Audit Guarantees

HatiData maintains two independent, append-only audit trails: a query audit log for every query executed through the proxy, and an IAM audit log for all administrative actions (policy changes, key rotations, user management). Both trails are cryptographic hash-chained, making any tampering or deletion detectable by recomputing the chain.

Hash-Chain Architecture

Every audit entry contains the cryptographic hash of the previous entry in the same session or log stream:

Entry N-1 → hash(Entry N-1) → stored as Entry N's prev_hash
Entry N   → hash(Entry N)   → stored as Entry N+1's prev_hash

This creates a cryptographic chain: if any entry is modified or deleted, all subsequent prev_hash values become invalid. The chain can be verified at any time via the audit API or by re-hashing the log entries from your S3 bucket.

Tamper Detection

Verify chain integrity for a session:

curl https://api.hatidata.com/v1/audit/sessions/{session_id}/verify \
  -H "Authorization: Bearer <jwt>"

{
  "session_id": "sess_a1b2c3",
  "entry_count": 847,
  "chain_valid": true,
  "first_entry_hash": "3a4f9c...",
  "last_entry_hash": "d82e1b...",
  "verified_at": "2026-02-25T09:14:00Z"
}

If chain_valid is false, the response includes the index and hash of the first broken link, enabling forensic investigation.

Query Audit Log

Every query executed through the HatiData proxy generates a query audit entry.
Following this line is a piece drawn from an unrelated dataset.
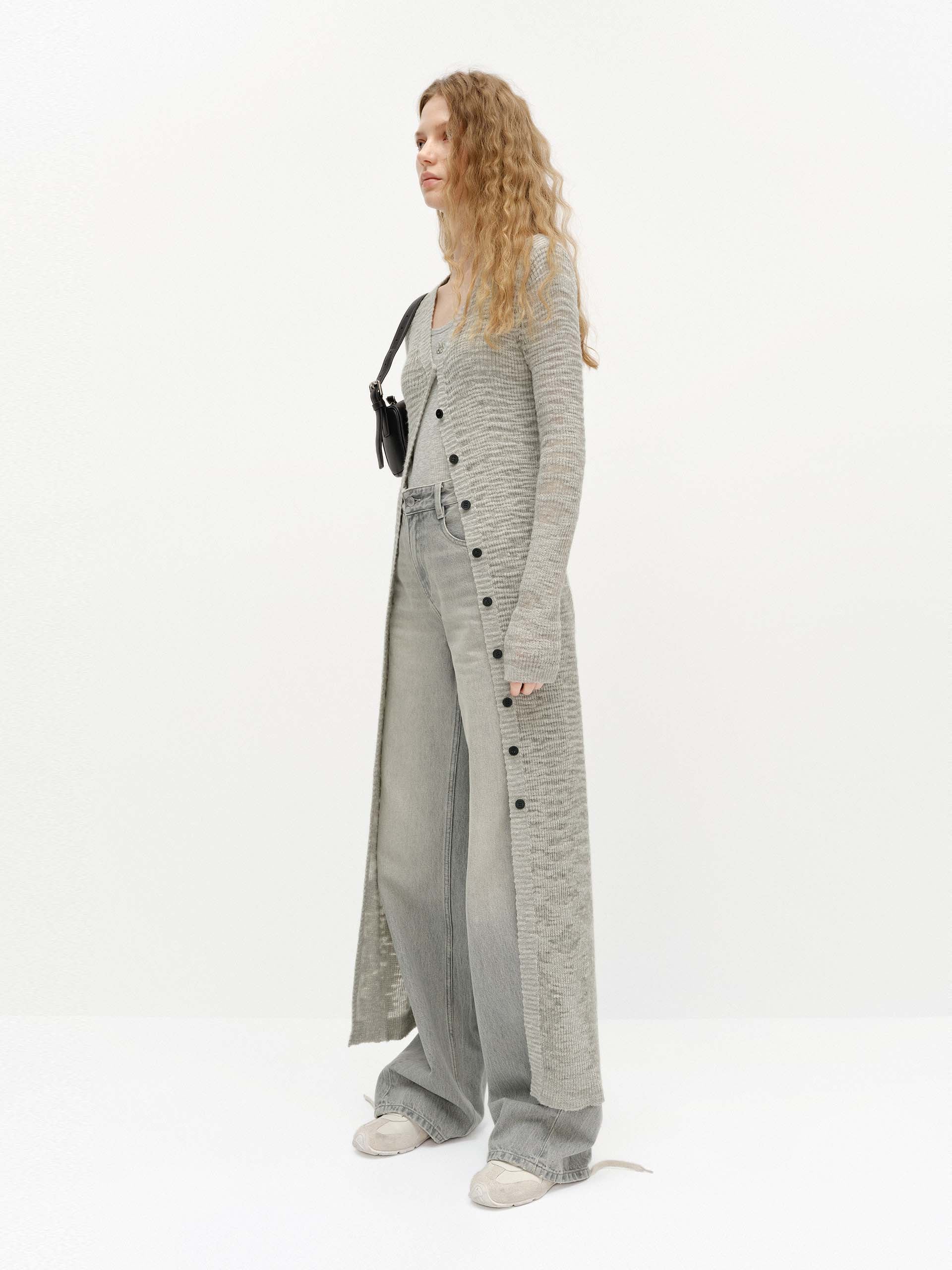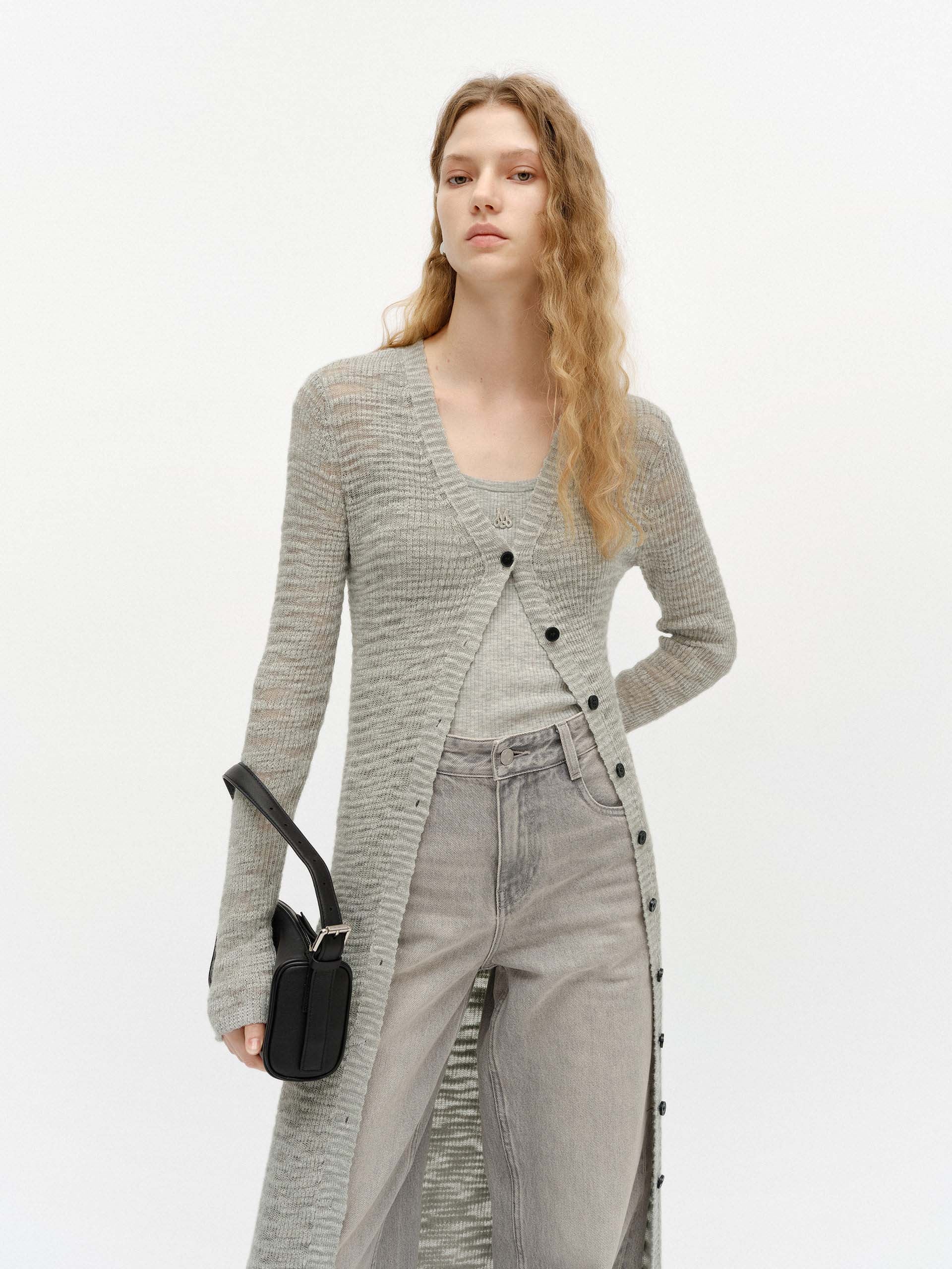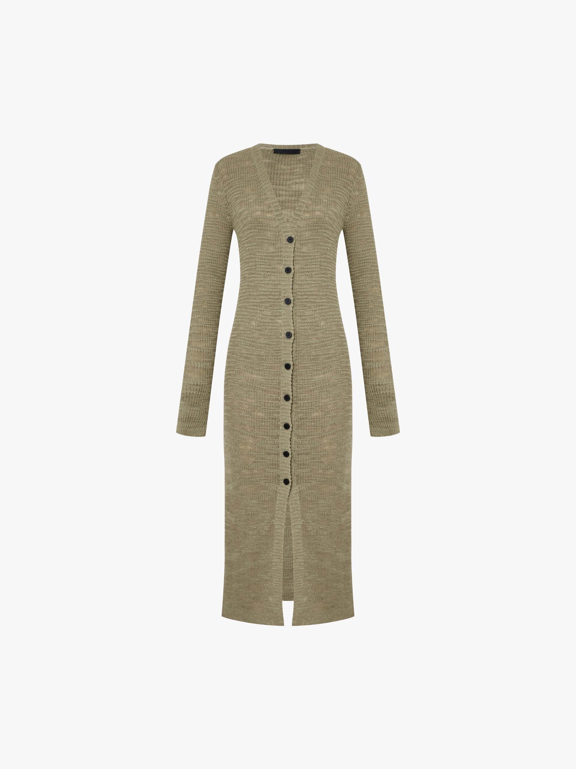 This cardigan is perfect for spring styling and seasonal transitions. It is crafted from a comfortable linen blend, offering a soft and cozy feel. Designed with a longline silhouette, it features a round neck and a button closure for a classic and chic look.

Entries are written after execution completes, ensuring PII redaction runs before the entry is committed to storage.

Audit Entry Schema

{
  "entry_id": "aud_q1r2s3t4",
  "prev_hash": "3a4f9c8d...",
  "entry_hash": "d82e1b5f...",
  "timestamp": "2026-02-25T09:14:32.018Z",
  "query_id": "qry_a1b2c3d4",
  "session_id": "sess_a1b2c3",
  "user_id": "usr_x9y8z7",
  "agent_id": "agent-data-analyst-v2",
  "agent_framework": "langchain",
  "org_id": "org_abc123",
  "environment": "production",
  "sql": "SELECT name, email FROM customers WHERE created_at > '2026-01-01'",
  "sql_redacted": "SELECT name, email FROM customers WHERE created_at > '2026-01-01'",
  "tables_accessed": ["customers"],
  "rows_returned": 1842,
  "columns_masked": ["email"],
  "execution_time_ms": 34,
  "cache_hit": false,
  "cost_credits": 0.12,
  "policy_verdicts": [
    { "policy": "pii-masking", "action": "mask", "columns": ["email"] }
  ],
  "rls_filters_applied": ["department = 'engineering'"],
  "source_ip": "10.0.1.50",
  "query_origin": "agent"
}

PII Redaction Before Storage

Audit entries undergo automatic PII redaction before being written to S3. The raw SQL text is scanned for the following patterns using compiled regular expressions:

Pattern	Example	Redacted
Email address	`alice@example.com`	`[EMAIL_REDACTED]`
US Social Security Number	`123-45-6789`	`[SSN_REDACTED]`
Payment card number	`4111111111111111`	`[CC_REDACTED]`
Phone number	`+1-555-0100`	`[PHONE_REDACTED]`

Redaction is applied to the sql_redacted field. The original SQL is never stored. This ensures that even if audit storage were compromised, PII in query text would not be exposed.

IAM Audit Log

All administrative actions are recorded in a separate IAM audit trail. This trail captures policy CRUD, key rotation, user management, and SSO configuration changes with before/after values:

{
  "entry_id": "aud_i1a2m3",
  "prev_hash": "c91f3a...",
  "entry_hash": "7b44de...",
  "timestamp": "2026-02-25T08:00:12.004Z",
  "action": "policy.update",
  "actor_id": "usr_admin01",
  "actor_role": "admin",
  "org_id": "org_abc123",
  "resource_type": "policy",
  "resource_id": "pol_pii_masking",
  "before": { "enabled": false },
  "after": { "enabled": true },
  "source_ip": "10.0.0.5"
}

IAM audit entries use the same hash-chain mechanism as query audit entries, but the chain is independent (keyed by org_id).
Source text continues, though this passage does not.